The Shuttle-C debut wasn’t the only place where Shuttle-heritage liquid and solid rocket boosters were being weighed against one another. Even before the tragic loss of Discovery, forces within the Department of Defense had already questioned the wisdom of concentrating their entire heavy launch manifest on the Space Shuttle. With dubious flight rate assumptions and high operational costs, an alternative that would complement the shuttle was sought. Once the Space Shuttle returned to flight, these issues were only amplified, especially given the requirement to support every Shuttle mission out of Vandenberg with a second launch-on-need standby orbiter out of Florida. Thus, the DoD decided that it was in the interest of national security for them to maintain their own parallel stable of launch vehicles. The immediate result was the conversion of the Titan IV, originally intended to complement the Space Shuttle, into an entirely parallel program. The Titan IV, a derivative of the long-standing Titan vehicle, pushed its heritage to the limits in order to launch Space Shuttle-class payloads. However, it became clear that the Titan IV had very little remaining growth potential, and costs for the Titan-derived vehicles were spiralling upwards at dizzying rates.
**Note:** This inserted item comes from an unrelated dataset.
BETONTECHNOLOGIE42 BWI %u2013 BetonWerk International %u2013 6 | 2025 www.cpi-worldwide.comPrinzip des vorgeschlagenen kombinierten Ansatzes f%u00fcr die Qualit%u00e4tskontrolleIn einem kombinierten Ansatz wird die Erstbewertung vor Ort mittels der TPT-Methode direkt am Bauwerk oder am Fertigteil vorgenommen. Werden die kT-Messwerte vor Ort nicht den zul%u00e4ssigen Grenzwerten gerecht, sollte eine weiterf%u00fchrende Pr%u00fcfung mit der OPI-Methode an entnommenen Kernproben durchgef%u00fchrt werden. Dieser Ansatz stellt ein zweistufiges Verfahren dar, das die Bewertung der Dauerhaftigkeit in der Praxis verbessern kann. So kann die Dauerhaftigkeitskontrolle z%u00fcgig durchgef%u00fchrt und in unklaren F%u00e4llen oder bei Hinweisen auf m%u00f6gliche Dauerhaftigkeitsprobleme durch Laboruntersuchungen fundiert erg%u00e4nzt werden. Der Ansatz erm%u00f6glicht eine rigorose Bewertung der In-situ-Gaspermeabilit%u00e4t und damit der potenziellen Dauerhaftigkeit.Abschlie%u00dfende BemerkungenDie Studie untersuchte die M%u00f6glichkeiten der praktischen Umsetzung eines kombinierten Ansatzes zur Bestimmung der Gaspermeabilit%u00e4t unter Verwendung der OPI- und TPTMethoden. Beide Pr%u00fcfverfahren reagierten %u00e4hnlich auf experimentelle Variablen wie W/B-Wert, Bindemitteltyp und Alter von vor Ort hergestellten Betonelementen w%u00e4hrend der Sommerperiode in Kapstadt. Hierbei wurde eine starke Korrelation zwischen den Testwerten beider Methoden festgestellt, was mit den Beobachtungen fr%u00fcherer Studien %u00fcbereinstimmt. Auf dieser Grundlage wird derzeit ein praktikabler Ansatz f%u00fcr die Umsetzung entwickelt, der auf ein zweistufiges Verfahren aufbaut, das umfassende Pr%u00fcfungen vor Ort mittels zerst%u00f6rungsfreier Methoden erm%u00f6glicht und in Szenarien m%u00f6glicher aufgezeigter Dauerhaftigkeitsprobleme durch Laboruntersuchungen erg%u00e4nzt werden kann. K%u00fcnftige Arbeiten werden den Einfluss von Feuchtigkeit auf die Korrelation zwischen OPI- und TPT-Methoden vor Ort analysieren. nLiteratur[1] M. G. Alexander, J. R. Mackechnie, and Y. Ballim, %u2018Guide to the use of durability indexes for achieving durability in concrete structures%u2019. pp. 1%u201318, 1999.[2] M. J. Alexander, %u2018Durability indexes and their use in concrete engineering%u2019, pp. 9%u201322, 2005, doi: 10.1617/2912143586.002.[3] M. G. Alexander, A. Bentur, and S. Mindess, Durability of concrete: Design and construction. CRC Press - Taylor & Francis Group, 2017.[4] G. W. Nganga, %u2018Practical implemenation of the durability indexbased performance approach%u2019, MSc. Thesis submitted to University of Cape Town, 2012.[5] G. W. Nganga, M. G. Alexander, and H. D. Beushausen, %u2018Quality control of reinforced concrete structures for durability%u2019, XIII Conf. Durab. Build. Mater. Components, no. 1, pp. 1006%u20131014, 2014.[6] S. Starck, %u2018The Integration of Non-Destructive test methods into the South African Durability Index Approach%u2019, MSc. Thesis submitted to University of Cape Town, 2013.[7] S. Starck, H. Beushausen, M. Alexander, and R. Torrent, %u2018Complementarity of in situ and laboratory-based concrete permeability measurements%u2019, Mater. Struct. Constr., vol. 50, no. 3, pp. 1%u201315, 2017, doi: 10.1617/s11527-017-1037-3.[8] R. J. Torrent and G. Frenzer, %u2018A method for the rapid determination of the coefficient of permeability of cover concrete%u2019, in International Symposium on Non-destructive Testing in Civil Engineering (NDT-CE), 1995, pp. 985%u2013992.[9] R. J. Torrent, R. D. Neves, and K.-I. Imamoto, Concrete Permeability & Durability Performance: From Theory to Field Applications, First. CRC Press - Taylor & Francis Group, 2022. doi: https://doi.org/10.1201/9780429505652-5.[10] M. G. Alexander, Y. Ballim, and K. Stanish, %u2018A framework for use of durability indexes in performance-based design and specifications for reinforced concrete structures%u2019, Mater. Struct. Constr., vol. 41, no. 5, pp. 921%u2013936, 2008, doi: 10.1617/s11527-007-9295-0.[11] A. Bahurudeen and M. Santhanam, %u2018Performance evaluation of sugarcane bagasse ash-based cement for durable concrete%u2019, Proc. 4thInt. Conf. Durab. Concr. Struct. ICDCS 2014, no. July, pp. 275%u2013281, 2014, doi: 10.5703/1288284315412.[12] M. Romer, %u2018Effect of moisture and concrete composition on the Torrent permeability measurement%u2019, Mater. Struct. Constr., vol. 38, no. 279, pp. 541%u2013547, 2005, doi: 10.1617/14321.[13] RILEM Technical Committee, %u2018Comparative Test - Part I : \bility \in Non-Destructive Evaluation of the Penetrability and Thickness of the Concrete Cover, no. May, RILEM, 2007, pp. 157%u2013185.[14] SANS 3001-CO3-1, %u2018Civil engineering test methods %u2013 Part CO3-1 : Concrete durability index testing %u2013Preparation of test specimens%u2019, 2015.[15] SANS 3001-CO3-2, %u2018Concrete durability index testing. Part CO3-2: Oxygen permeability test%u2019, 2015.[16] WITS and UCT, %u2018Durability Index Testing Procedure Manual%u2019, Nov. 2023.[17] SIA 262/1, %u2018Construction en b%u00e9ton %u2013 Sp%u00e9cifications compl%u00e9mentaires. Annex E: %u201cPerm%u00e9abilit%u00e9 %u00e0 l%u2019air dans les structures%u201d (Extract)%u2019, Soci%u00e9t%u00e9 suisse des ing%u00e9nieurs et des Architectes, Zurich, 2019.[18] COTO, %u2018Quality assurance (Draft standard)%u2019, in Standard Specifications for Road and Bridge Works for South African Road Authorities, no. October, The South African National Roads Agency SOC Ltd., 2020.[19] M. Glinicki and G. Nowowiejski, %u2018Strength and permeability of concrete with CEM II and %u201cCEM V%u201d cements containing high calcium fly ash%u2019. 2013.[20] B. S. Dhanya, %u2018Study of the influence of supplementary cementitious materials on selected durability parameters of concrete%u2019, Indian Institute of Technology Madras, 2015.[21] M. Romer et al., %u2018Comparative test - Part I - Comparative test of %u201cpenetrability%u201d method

If the DoD was to have a parallel stable of launch vehicles as a backup or alternative to using NASA’s Space Shuttles, it would need a new vehicle, designed from the ground up to be cost-effective for the Department’s current needs. Beginning in the late 1980s, the DoD began incubating the concept of a new expendable launch vehicle program to replace the Titan IV and end dependence on Shuttle. In one of few solid policy actions taken in spaceflight between Bush’s 1989 Space Exploration Initiative speech and the 1991 formal authorization of Space Station Enterprise expansion and the new lunar program, Congress authorized the DoD to conduct a competition to select a new “Evolved Expendable Launch Vehicle.”

In the original 1991 specification, the Department of Defense called for contractors to submit designs for a vehicle or family of vehicles capable of launching payloads ranging between 20,000 and 65,000 pounds to a low Earth orbit, with geostationary orbit performance of up to 25,000 pounds. Most companies submitted proposals, but when the downselections were made in late 1992, two proposals stood head and shoulders ahead of the pack both in terms of capability but also in terms of operational cost: Thiokol’s Heimdall launcher (the new marketing-approved name for a variant on their 1980s SRB-X family) and General Dynamics’ Atlas III (the marketing-approved name for that company’s proposal to use their Shuttle-C LRB engine pod mounted to a lightly modified tank set for a common-core booster). Drawing on the legacy of the existing Space Shuttle and the development already funded by NASA for the new Shuttle-C lunar launch vehicle, Heimdall and Atlas III offered relatively low development costs and strong payload growth potential. Moreover, though the DoD had not initially required consideration of recoverability and reuse in their bid specifications--a fact the “Expendable” in the competition name hinted at--the recoverability of significant portions of both vehicles helped boost their cost-competitiveness compared to the other alternatives.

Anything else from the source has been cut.